Un gradient d’AR a été mis en évidence dans le cerveau postérieur (Dupé et Lumsden, 2001; Maden et al., 1998). Ce gradient semble être établi par les actions opposées de deux enzymes. Le produit du gène Raldh2 qui convertit le rétinaldéhyde en AR est fortement exprimé dans le mésenchyme cervical entourant la moelle épinière (Niederreither et al., 1997). Cyp26A1, dont le produit inactive l’AR par oxydation, est exprimé dans les régions du cerveau antérieur et moyen de la plaque neurale et dans le rhombomère r2 (r2) (Fujii et al., 1997, MacLean et al., 2001). Cyp26B1, un homologue de Cyp26A1, est exprimé dans r3 et r5 à E8,0 (MacLean et al., 2001). À E9,5, Cyp26B1 est fortement actif dans r5 et r6, et faiblement actif dans la surface basale de r2, r3 et r4. L’expression de ces gènes établit un gradient d’AR entre le cerveau postérieur antérieur (élevé) et caudal (bas) (Dupé et Lumsden, 2001) et établit ainsi les domaines d’expression des gènes Hox sensibles à la RA. Les gènes Hox qui sont induits par l’AR à des concentrations plus faibles in vitro ont des bordures plus antérieures (Hunt et al., 1991) que ceux nécessitant des concentrations plus élevées. Par conséquent, la régulation spatiale des gènes responsables de la structuration du cerveau postérieur est régulée par l’accumulation locale d’AR.
Un apport excessif d’AR provoque des fentes palatines chez la souris. Les souris avec une délétion dans Cyp26b1, qui code une enzyme clé de la dégradation de l’AR, ont une fente palatine, une micrognathie, une troncature des membres antérieurs et postérieurs et des défauts d’ossification dans les os de la calvaria (Maclean et al., 2009). De plus, les souris présentant une mutation de la rétinol déshydrogénase 10, une enzyme de la synthèse de l’AR (souris Rdh10m366Asp), ont des taux d’AR réduits et présentent une fente médiane, une syndactylie et un cerveau antérieur mal formé (Ashique et al., 2012). Les souris présentant des mutations dominantes négatives du récepteur alpha de l’acide rétinoïque (Rara403*) et les souris présentant un déficit des récepteurs alpha et gamma de l’AR (Rara–/–;Rarg–/–) présentent une fente médiane (Lohnes et al ., 1994 ; Mark et al., 2009). Ainsi, une quantité appropriée d’AR est cruciale pour le développement embryonnaire normal, avec des niveaux de AR trop ou trop faibles provoquant une fente palatine chez la souris. Une diminution des taux sériques de vitamine A et de protéine de liaison à la PR 4 (RBP4), un translocateur de l’AR, a été signalée chez des patients (Steinhof et al., 2021).
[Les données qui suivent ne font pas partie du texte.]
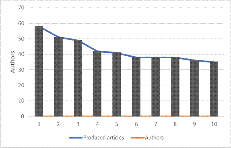 As for measurements on authors’ productivity, Lotka Law features authors’ scientific production as follows: few authors produce a lot and many authors produce a little (Guedes & Borschiver, 2005). Figure 3 shows the number of authors X the number of produced articles, and it confirmed that the reversed J format in the Lotka Law meets the significant drop in standard and tends to be linear with an extensive chain of small producers. The authors standing out for productivity are listed in Table 3.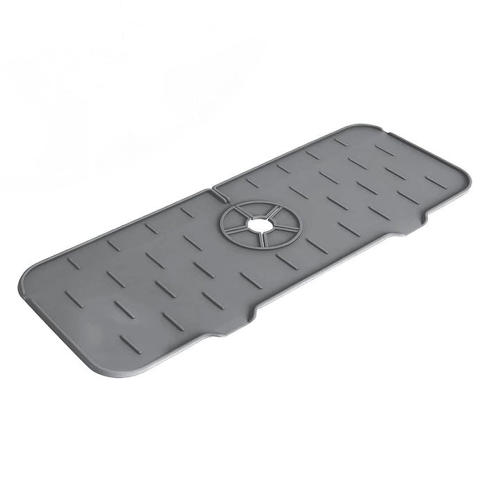 - A sink water splash guard mat specially designed for faucets, the silicone sink faucet splash guard is a labor-saving way to upgrade your kitchen sink. Our silicone faucet splash guard has a raised lip to drain water to the sink. Keep the countertop clean and dry.

De plus, on sait qu’un apport excessif en vitamine A est associé à de multiples malformations congénitales (Martinez-Frias et Salvador, 1990). Cependant, la dose tératogène minimale semble être bien supérieure au niveau consommé par la plupart des femmes par le biais de suppléments de multivitamines et de vitamine A pendant la grossesse (Sommer et al., 2012).